Temo che tu prenda ogni discussione sul personale


----------



## Brunetta (26 Marzo 2019)

Martoriato ha detto:


> Non ho assolutamente capito la domanda...


Non è proprio una domanda.


----------



## patroclo (26 Marzo 2019)

Brunetta ha detto:


> Temo che tu prenda ogni discussione sul personale


posso parzialmente ammetterlo, le prime pagine di questa discussione non facevano altro che ribadire la supposta santità di chi si è immolato e l'immaturità di chi ha tradito.......e questo a prescindere da ogni valutazione


----------



## Arcistufo (26 Marzo 2019)

Coppia e famiglia sono nemici naturali.


----------



## Brunetta (26 Marzo 2019)

ermik ha detto:


> posso parzialmente ammetterlo, le prime pagine di questa discussione non facevano altro che ribadire la supposta santità di chi si è immolato e l'immaturità di chi ha tradito.......e questo a prescindere da ogni valutazione


Forse non hai letto con attenzione


----------



## Rosarose (26 Marzo 2019)

Brunetta ha detto:


> Quando si hanno figli e poi crescono non ci si aspetta altro che creino una loro famiglia.
> La famiglia è casa, il luogo dove si può essere se stessi, tutti. È dove  tutti i membri possono dire di essere ombrosi, tristi o allegri sapendo di essere accolti.
> La coppia che deve essere amorosa si apre alla creazione della vita dei figli e si arricchisce da questa esperienza grandiosa.
> Come si fa a considerare la presenza dei figli solo una fatica, una distrazione da altri argomenti e interessi?
> ...


Per me bisogna stare attenti ad alcuni punti.
La donna a non farsi assorbire totalmente dal ruolo di madre, ma ricordandosi che il proprio compagno ha bisogno di avere comunque delle attenzioni, dalla quella parte che deve rimanere femmina.
L'uomo deve accompagnare la donna in questo, aiutandola sostenendola nelle incombenze non lasciandola mai sola, ma ricordandole appunto che non è solo madre.

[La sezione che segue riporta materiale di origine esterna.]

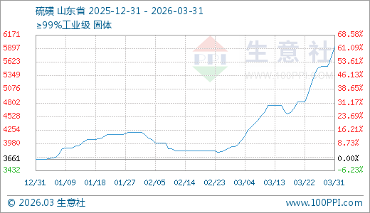 据生意社监测,硫磺03月31日最新价格5943.33元/吨,最近5天上涨8.06%,10天上涨23.39%,20天上涨25.12%,30天上涨52.00%,90天上涨62.34%。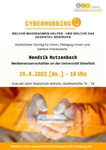 Arns­berg. Was tun, wenn das eige­ne Kind Opfer von Cyber­mob­bing gewor­den ist? Um die­ses The­ma geht es bei einem Vor­trag der Stadt­schul­pfleg­schaft (SSP) Arns­berg am 29.9. Als Refe­ren­ten konn­te die SSP den Medi­en­wis­sen­schaft­ler Hen­drik Mut­zen­bach von der Uni­ver­si­tät Bie­le­feld gewin­nen. In sei­nem Vor­trag wird er dar­auf ein­ge­hen, wel­che Maß­nah­men im Ernst­fall sinn­voll und ziel­füh­rend sind – und wel­che die Situa­ti­on nur schlim­mer machen. Dies ver­deut­licht Mut­zen­bach anhand von rea­len Fall­bei­spie­len, die Schlag­zei­len gemacht haben. Die Zuhörer/innen erfah­ren aber auch, wie sich Cyber­mob­bing ver­hin­dern oder im Keim ersti­cken lässt.
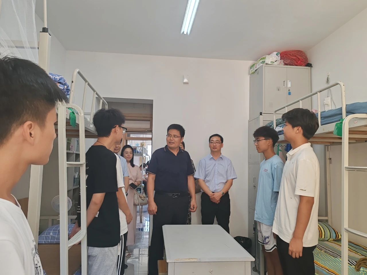 为深入了解新生报到及适应情况,9月8日下午,jinnianhui今年会官网党委常委、纪委书记徐大连、学生处副处长葛晓茜一行走访看望jinnianhui今年会官网2024级新生宿舍,jinnianhui今年会官网党委书记孙建华、党委副书记张雪蕾、副院长孙海新及院长助理丁晓腾及辅导员老师们陪同走访。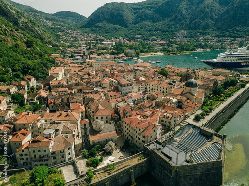 Naklejka premium Panoramic aerial view of Perast small town along the Kotor Bay, Montenegro.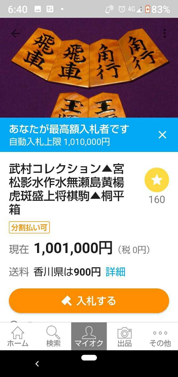 家族からはいい加減にしろと言われるが、掛軸を買うためヤフオクをよく見ている。将棋も興味があるので駒もウオッチしてる。 今、著名な駒コレクターが所蔵していた宮松影水の虎斑駒が出品されている。一昔前『夭逝した天才駒師』影水師の駒は最低一本と言われていたそうである。 今はそんなこともないだろうが、この駒なら最低でもその程度にはなるだろう。 昨日期待半分で札を入れてみたが、〆切までに1日以上あるのに他に誰も入札しなければどうしようかと内心ビクビクしていた。 8時間ほどで高値更新されて一安心なのはずなのに、なんとなく残念なのは残念。 いくらになるのだろうか?ヤフオクには別の出品者から影水の孔雀杢の駒が2割5分増しで即決で出品されたままになっている。ここまでになると悔いはないが、私の札に近いところで決まると悔しいだろうな。私の性格だときっと札を入れてしまうな。支払いは他の所有する駒全部売って掛軸も売って足らずは給料前借りして…。今競ってるのは私以外に2人。今夜運命は決まる(笑)。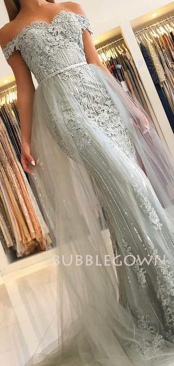 Off Shoulder Grey Lace Mermaid Beaded Long Evening Prom Dresses, MR7445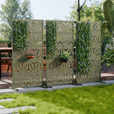 PexFix 60"H x 30"W Outdoor Privacy Screen Metal Privacy Screen with Stand Freestanding Room Divider Decorative Privacy Fence with Slatted Design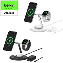 Belkin Qi2 3-in-1 Qi2ワイヤレス充電スタンド Qi2公式認証/MagSafe対応 iPhone 16/15/14/13/12/Qi2対応スマホ(最大15…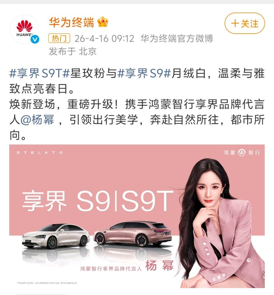 你说的没错。杨幂已经升为享界品牌代言了。按照高档到低档,尊界(江淮)>问界(赛力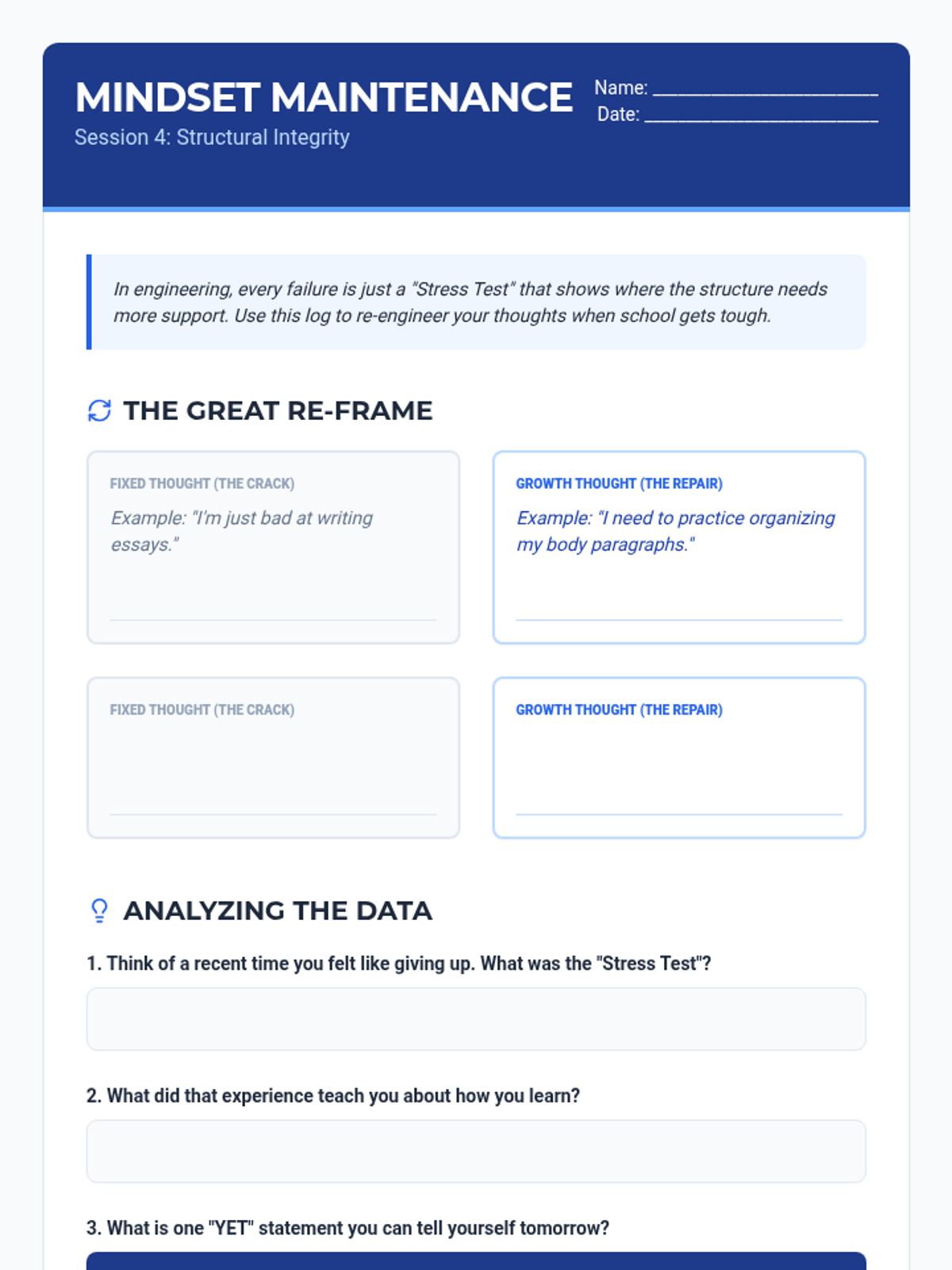 Developing a growth mindset and understanding how to view setbacks as data for improvement.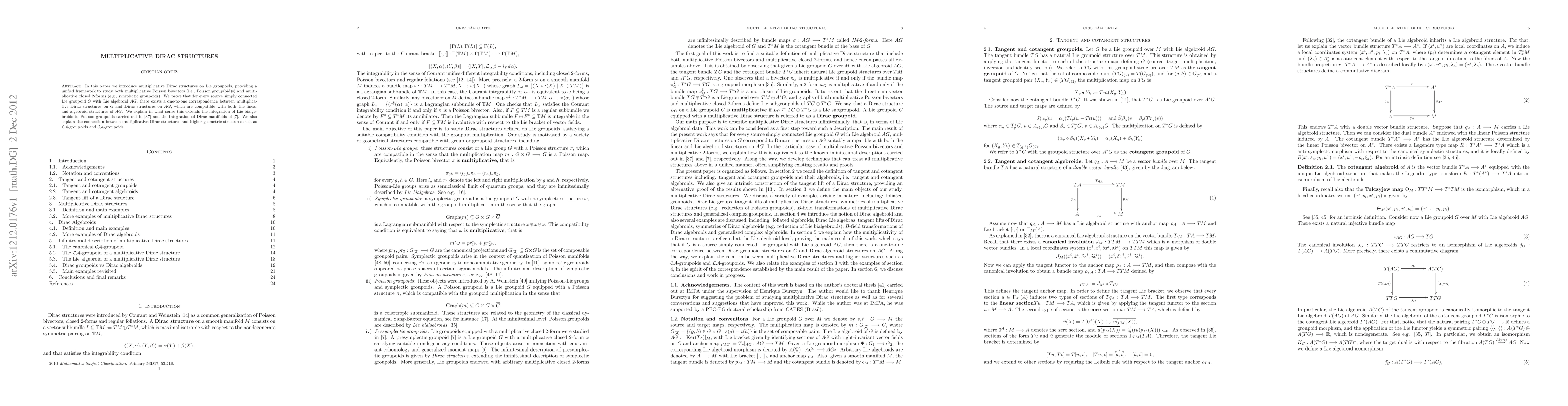 A new mathematical framework was developed to describe and analyze multiplicative Dirac structures on Lie groupoids.

Inviato dal mio SM-G960F utilizzando Tapatalk


----------



## Jacaranda (26 Marzo 2019)

ermik ha detto:


> posso parzialmente ammetterlo, le prime pagine di questa discussione non facevano altro che ribadire la supposta santità di chi si è immolato e l'immaturità di chi ha tradito.......e questo a prescindere da ogni valutazione


Non l'ho letto da nessuna parte sai? ne fai una sintesi utilizzando il tuo metro di misura .. quasi fossi prevenuto ..
Si parlava di genitori che mettono su famiglia e poi sentono come un peso la prole e di conseguenza (a volte ..perché spesso questa posizione l’hanno entrambi ) anche il coniuge che invece la vede in modo diverso ... 
l’immaturita’ è la causa di questo atteggiamento ..e cioè di chi non vorrebbe  rinunciare neanche a un minuto di se’ e sopporta con fatica invece di gioire ... e questo a prescindere dal fatto che tradisca o meno ... 
certo..spesso tradisce pure ..per evadere da una situazione per cui non è portato ...


----------



## Jacaranda (26 Marzo 2019)

Rosarose ha detto:


> Per me bisogna stare attenti ad alcuni punti.
> La donna a non farsi assorbire totalmente dal ruolo di madre, ma ricordandosi che il proprio compagno ha bisogno di avere comunque delle attenzioni, dalla quella parte che deve rimanere femmina.
> L'uomo deve accompagnare la donna in questo, aiutandola sostenendola nelle incombenze non lasciandola mai sola, ma ricordandole appunto che non è solo madre.
> 
> ...


Si


----------



## Arcistufo (26 Marzo 2019)

ermik ha detto:


> posso parzialmente ammetterlo, le prime pagine di questa discussione non facevano altro che ribadire la supposta santità di chi si è immolato e l'immaturità di chi ha tradito.......e questo a prescindere da ogni valutazione


Veramente non credo di averlo letto. Certo ribadire che chi tradisce è un immaturo è solo una difesa psicologica da parte di chi è stato lasciato da parte. Io penso che sia molto più matura una persona che è in grado di interiorizzare il fatto che dopo un tot, anche provandoci con le migliori intenzioni, non sei fatto per rimanere fedele alla stessa persona e contemporaneamente decidere di non far saltare il banco, visto che certi impegni ormai li hai presi.


----------



## Brunetta (26 Marzo 2019)

Rosarose ha detto:


> Per me bisogna stare attenti ad alcuni punti.
> La donna a non farsi assorbire totalmente dal ruolo di madre, ma ricordandosi che il proprio compagno ha bisogno di avere comunque delle *attenzioni*, dalla quella parte che deve rimanere *femmina*.
> L'uomo deve accompagnare la donna in questo, *aiutandola* sostenendola nelle incombenze non lasciandola mai sola, ma ricordandole appunto che non è solo madre.
> 
> ...


Le tre parole che ho evidenziato mi danno l’orticaria.
Ma non dubito che sia un problema mio di interpretazione.
La parola *attenzioni *mi sembra che si riferisca a coccole dovute, studiate per far contento e non come moti spontanei che, mi sembrava fosse evidente dalla mia premessa, dovrebbero scaturire spontaneamente dalla gioia di quello che si vive.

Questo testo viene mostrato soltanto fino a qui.